◆ **Data shown**

- Opening Delimiter -

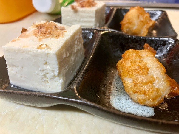 こだわり豆腐のヤッコと鱧の唐揚げが お通し。
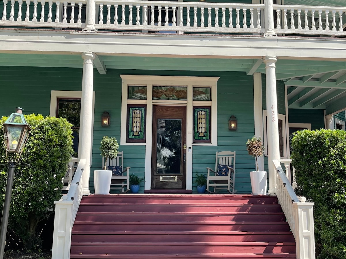 Ferðastu aftur til fortíðar með herrum þínum og dömum á þessu frábæra sögufræga heimili! Vín og matur fyrir gesti þína í gamaldags stíl í hjarta hins sögulega miðbæjar Pensacola aðeins einni húsaröð frá Palafox St. Þetta fallega, sögulega heimili í Pensacola státar af mörgum upprunalegum eiginleikum eins og svífandi 11 feta loftum, risastórum gluggum úr lituðu gleri og glæsilegum, glæsilegum viðarstiga. Fullkomið pláss fyrir smekklega Bachelor- eða Bachelorette-helgi! Gakktu að Palafox-markaðnum og miðbænum!
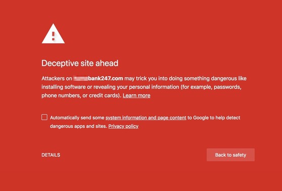 Trình duyệt Google Chrome ngay lập tức hiển thị cảnh báo nguy hiểm đối với các trang web giả mạo, có khả năng gây nguy hại cho người dùng. Ảnh: TIỂU MINH
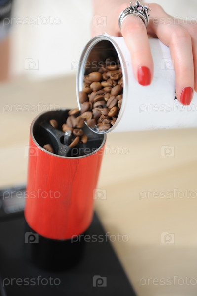 Девушка-бариста наливает кофе из белой банки в красную ручную кофемолку крупным планом
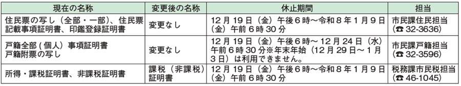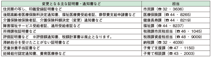 全国の自治体が進めている「自治体情報システムの標準化・共通化」に伴い、市で使用している基幹システムを新システムへ移行するため、12月22日(月)より市が発行する下表の証明書・通知書などの様式が変更となります。
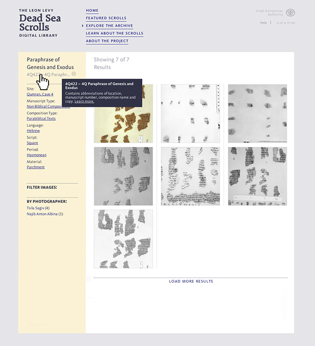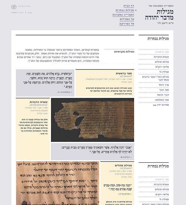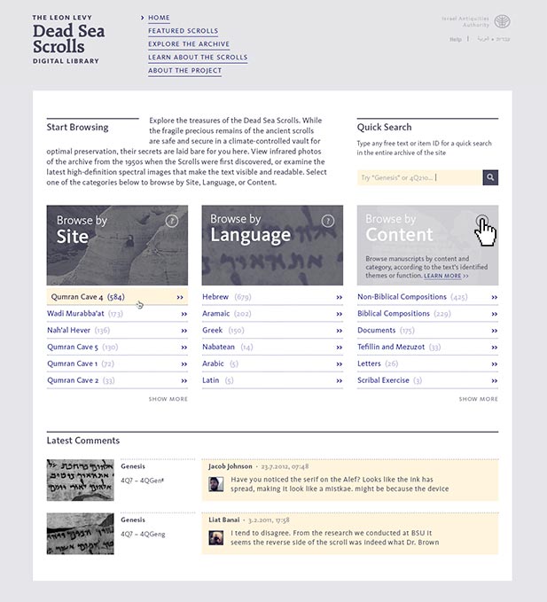 Design and development of the official Dead Sea Scrolls website, commisioned by Google and The Israel Antiquities Authority.
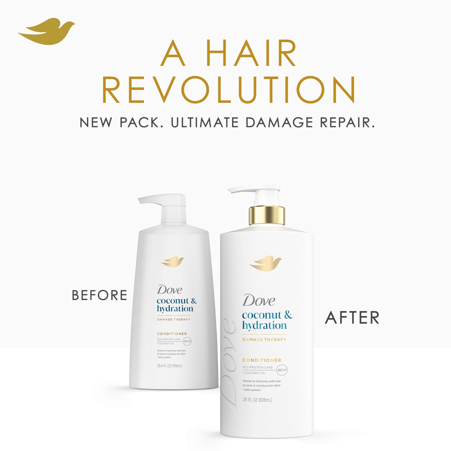 - HOW TO USE: After using the Dove Coconut & Hydration shampoo, apply and massage this hair conditioner for damaged dry hair; leave on for 1 minute, then rinse.
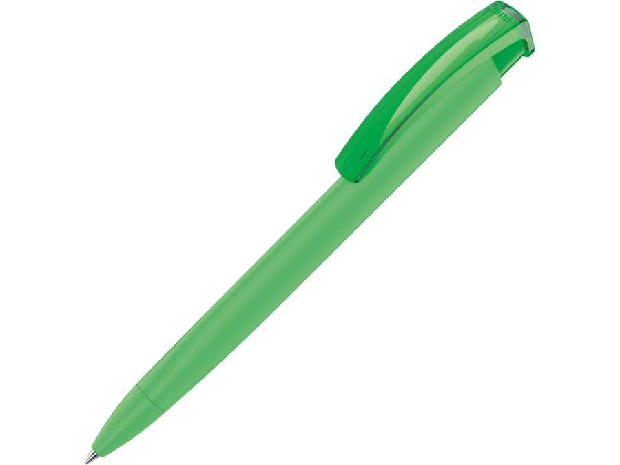 Ручка шариковая трехгранная UMA TRINITY K transparent GUM, soft-touch, зеленое яблоко
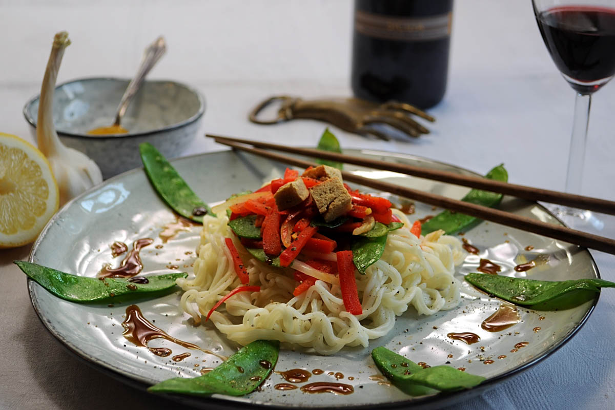 Kaiserschoten und Paprika waschen. Zwiebeln und Paprika in feine Ringe schneiden, Knoblauch und Zitronengras kleinhacken. Mie-Nudeln nach Packungsanweisung garen. Währenddessen Sesamöl mit Zwiebeln, Knoblauch und Ingwer in einem Wok erhitzen. Schoten und Paprika zusammen mit dem Honig hinzugeben und etwas karamellisieren. Mit Sojasauce ablöschen und etwas Pfeffer würzen. Dazu passt Tofu oder Seitan.
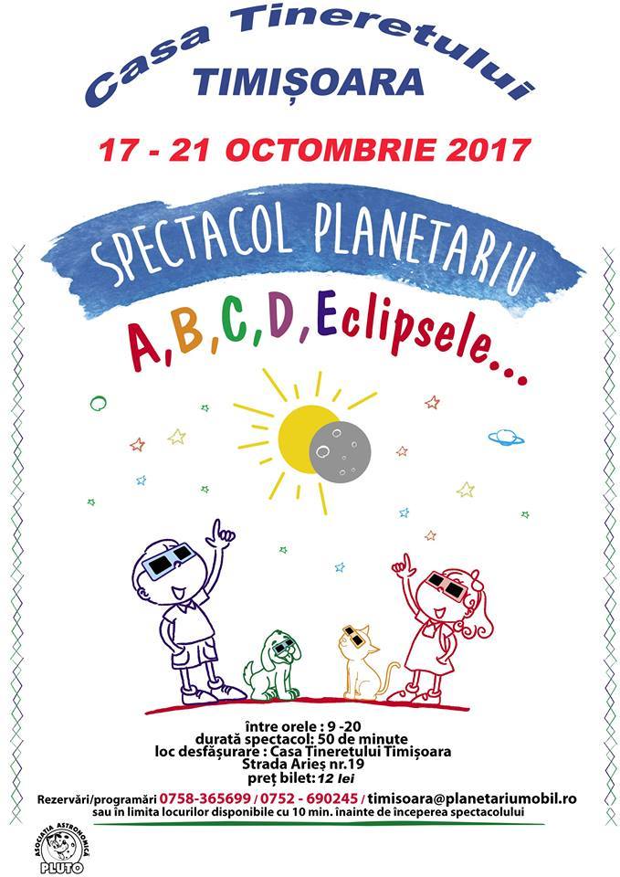 Planetariul Mobil Educațional, o inițiativă a Asociației Astronomice Pluto este un proiect educațional nonformal, menit să atragă micii vizitatori înspre lumea fascinantă a cosmosului, o temă științifică din ce în ce mai populară în rândurile publicului larg din toată lumea. Spectacolul A, B, C, D, Eclipsele este al treilea show prezentat de organizatori la Timişoara.

- Closing Delimiter -

◆ **What is required**
Set down exactly the lines from the start of the records through the line containing "Design and development", both included, and omit the pictures.

◆ **Exercise response**
 こだわり豆腐のヤッコと鱧の唐揚げが お通し。
 Ferðastu aftur til fortíðar með herrum þínum og dömum á þessu frábæra sögufræga heimili! Vín og matur fyrir gesti þína í gamaldags stíl í hjarta hins sögulega miðbæjar Pensacola aðeins einni húsaröð frá Palafox St. Þetta fallega, sögulega heimili í Pensacola státar af mörgum upprunalegum eiginleikum eins og svífandi 11 feta loftum, risastórum gluggum úr lituðu gleri og glæsilegum, glæsilegum viðarstiga. Fullkomið pláss fyrir smekklega Bachelor- eða Bachelorette-helgi! Gakktu að Palafox-markaðnum og miðbænum!
 Trình duyệt Google Chrome ngay lập tức hiển thị cảnh báo nguy hiểm đối với các trang web giả mạo, có khả năng gây nguy hại cho người dùng. Ảnh: TIỂU MINH
 Девушка-бариста наливает кофе из белой банки в красную ручную кофемолку крупным планом
 全国の自治体が進めている「自治体情報システムの標準化・共通化」に伴い、市で使用している基幹システムを新システムへ移行するため、12月22日(月)より市が発行する下表の証明書・通知書などの様式が変更となります。
 Design and development of the official Dead Sea Scrolls website, commisioned by Google and The Israel Antiquities Authority.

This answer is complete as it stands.